Wavedashing also refers to a form of movement in Capcom's vs. games, achieved by rapidly alternating between pressing two attack buttons and crouch. By canceling the slower half of the dash, chaining rapid dashes together is possible. However, unlike the Tekken series, wave-dashing has no benefit other than increased speed in covering the screen.
A form of wavedashing is possible in Nintendo's Super Smash Bros. Melee, in which a character performs an air dodge into the ground at an angle the instant after leaving the ground during a jump, allowing a quick burst of movement with 10 frames of time.
A fighting game where most or all characters have weapons, and there are gameplay rules that involve these weapons (such as how to disarm and rearm weapons). The first high-profile example of this was the Samurai Shodown series, but the more common modern example is Soul Calibur, as almost all of the fighters are armed with melee weapons (tonfa, longswords, katana, quarterstaff, katars, etc).
A move that misses the opponent completely. Sometimes used intentionally to bait an opponent, build super meter, or reduce recovery time in slow moves by cancelling them into a quicker move that whiffs.
In recent King of Fighters game, some attacks which hit a fighter hard enough can make the victim fly straight onto the 'wall' and get bounced, ripe for follow-up attacks. This is called wiring. Most wire attacks are usually counter-wires, in that if the attack hits an enemy as a counter-attack, wire effect will occur, otherwise, the opponent will merely be thrown far away.

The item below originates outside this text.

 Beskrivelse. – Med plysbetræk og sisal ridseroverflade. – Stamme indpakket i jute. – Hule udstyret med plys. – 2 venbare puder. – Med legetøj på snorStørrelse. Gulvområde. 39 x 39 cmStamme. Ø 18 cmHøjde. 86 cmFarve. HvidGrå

In other fighting game series this is often referred to as "wallbounce" or "wallsplat", depending on whether or not the opponent ricochets off the wall or crumples.

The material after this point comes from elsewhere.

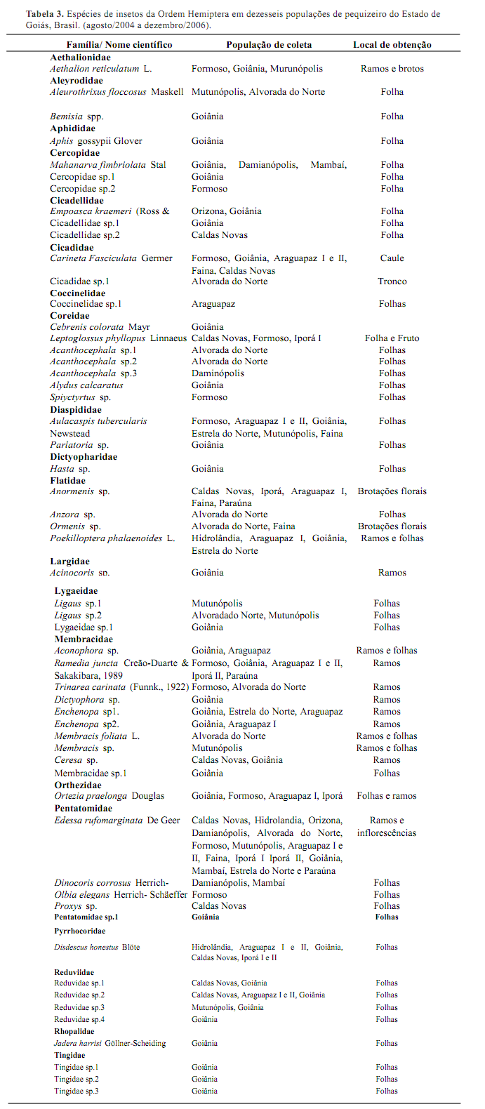 Ordem Hemiptera: Foram identificadas 56 espécies de insetos em plantas de pequizeiro em 20 famílias (Tabelas 2 e 3). As espécies mais freqüentes foram Edessa rufomarginata, Aethalion reticulatum, Ramedia juncta e Enchenopa sp.2.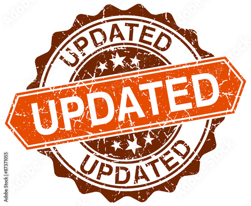 © Aquir, Obraz premium updated orange round grunge stamp on white

Zoning is a tactic in 2D fighters usually used at mid-range or far mid-range, the purpose of which is to out-prioritize your enemy's moves. The idea is to space yourself so that you are in a position to respond to or punish any entry angle or attack of your opponent's. Ideally, you can use certain pokes and attacks to beat your opponent's attacks, punish his advances or jumps, and hopefully shut down his offensive options, while landing hits. In attempting to zone, it is important to know the properties of your own attacks as well as the attacks of your opponent, in order to find the best move to use in countering your opponent's move. The ability to predict your opponent's next move, and having good reflexes to react to that move, are also important.